Menurut dia, pengusaha makanan dihadapkan pada pilihan, misalnya menghilangkan menu daging sapi, mengurangi porsi atau bahkan menambah harga jual. Di sinilah seharusnya pemerintah bisa menilai efektivitas kebijakan yang sudah diterapkan pada daging sapi.

Menanggapi wacana impor daging sapi, Felippa berpendapat kalau langkah ini merupakan langkah yang strategis untuk dilakukan, mempertimbangkan adanya siklus tahunan kenaikan permintaan jelang Ramadan dan juga Hari Raya Idul Fitri.

Produksi daging sapi domestik hanya dapat memenuhi sekitar 70 persen dari permintaan. Industri daging domestik masih belum mampu bersaing dengan industri daging luar negeri. Kita sudah melihat bahwa harga tinggi merugikan bukan hanya konsumen tetapi juga pedagang.

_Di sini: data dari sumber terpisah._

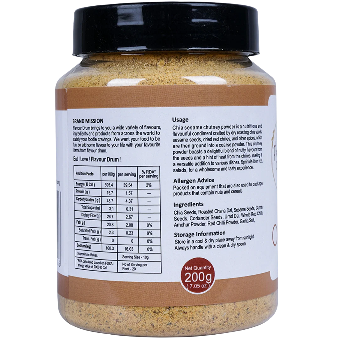 About this item A wholesome blend of chia seeds and sesame for rich taste and nutrition. Ideal side for idli, dosa, paratha, rice, and other Indian meals. Ready-to-use chutney powder that enhances flavor with every spoonful. Ingredients Chia Seeds, Sesame Seeds, Roasted Chana Dal, Red Chilli, Garlic, Salt, Cumin, Curry...
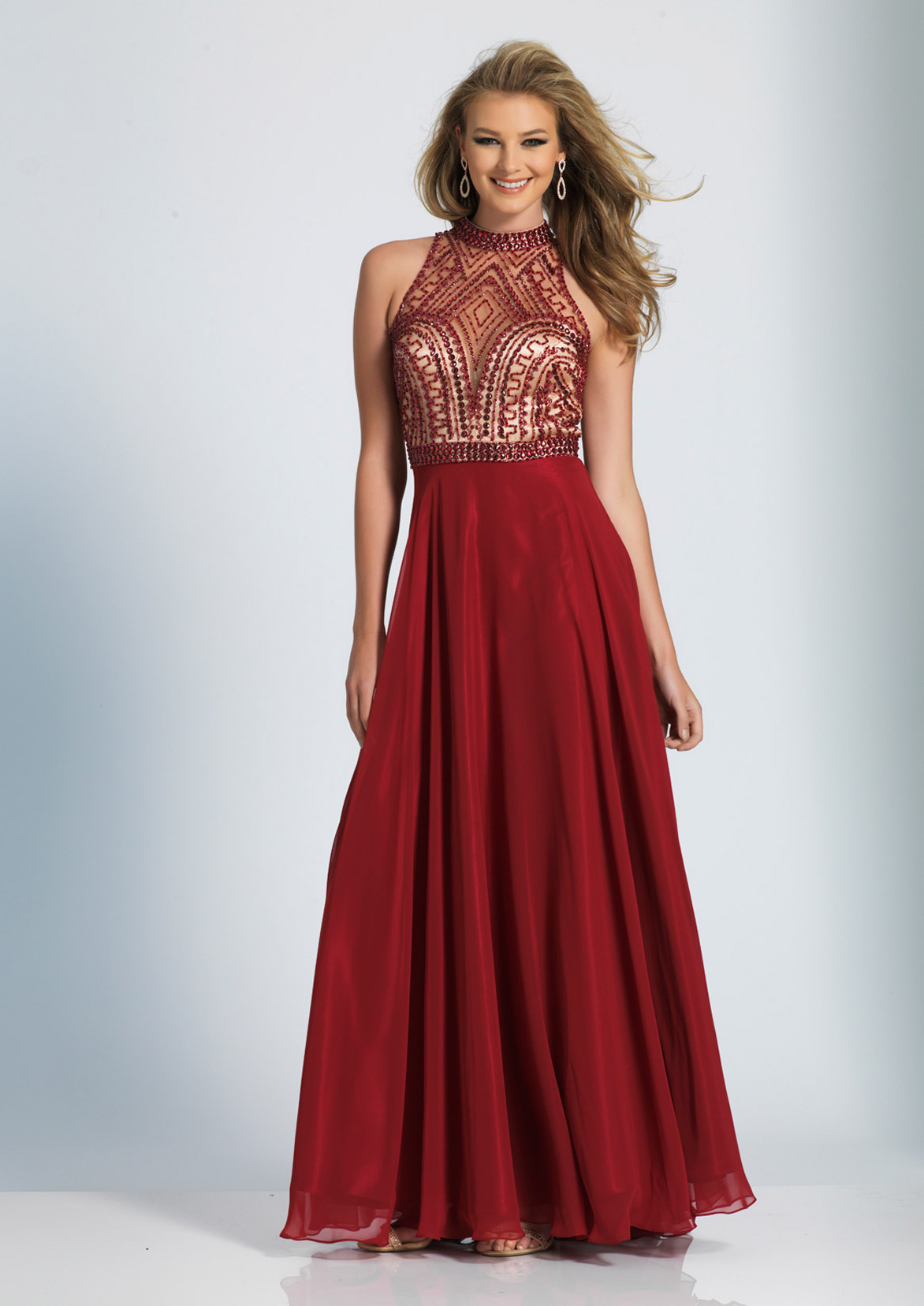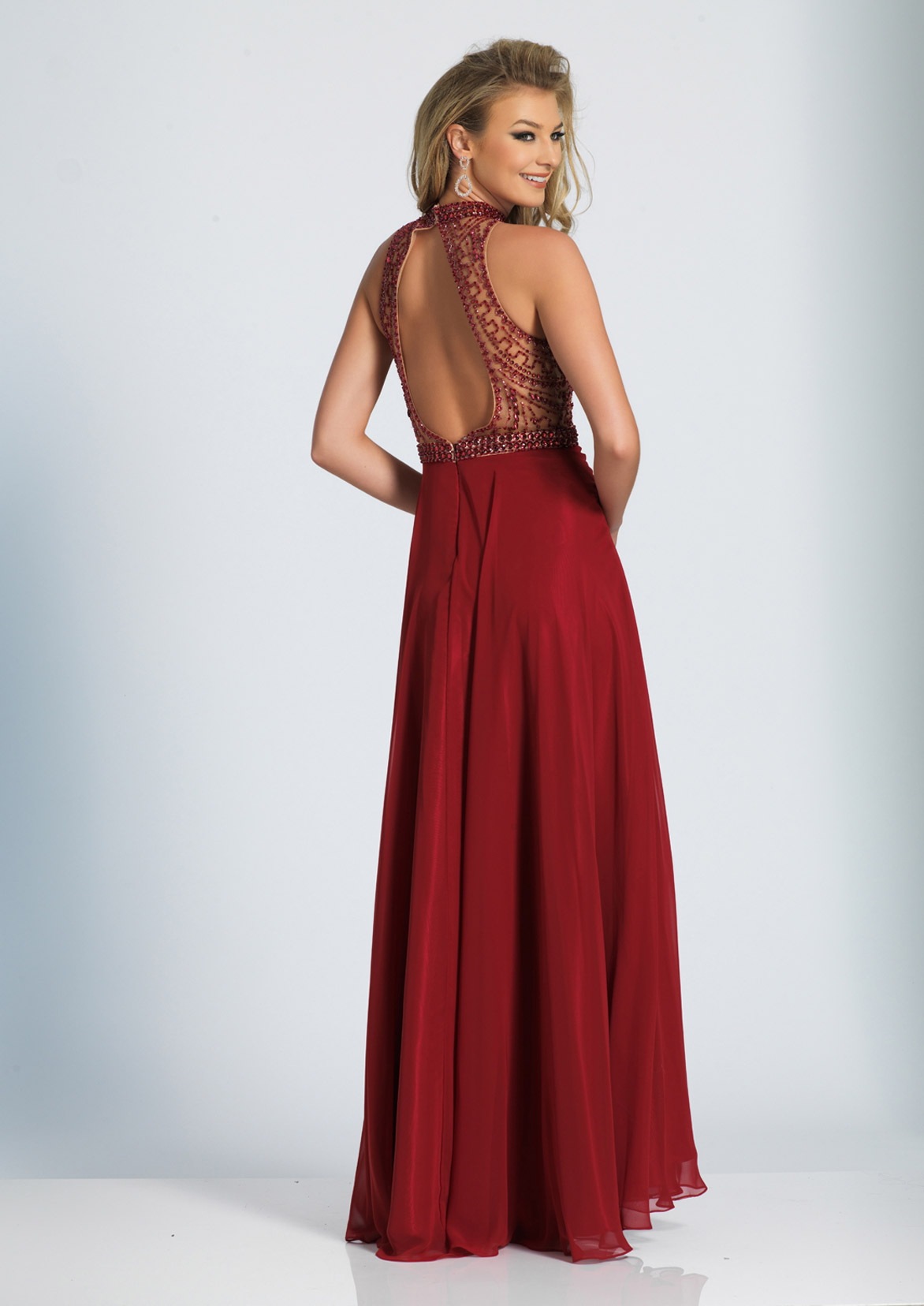 Dave and Johnny Prom Dress A4747. A high neck Chiffon prom gown with a sheer beaded bodice.

“Jadi kami memandang impor sebagai langkah yang tepat untuk mengatasi kesenjangan. Namun perlu dicatat, impor juga merupakan kebijakan yang akan efektif kalau diikuti adanya data yang akurat dan perkiraan waktu yang tepat dalam eksekusinya. Kami juga mendukung impor yang dilakukan secara transparan. Sistem kuota sudah terbukti rawan pelanggaran dan hal ini perlu dievaluasi oleh pemerintah,” tegasnya.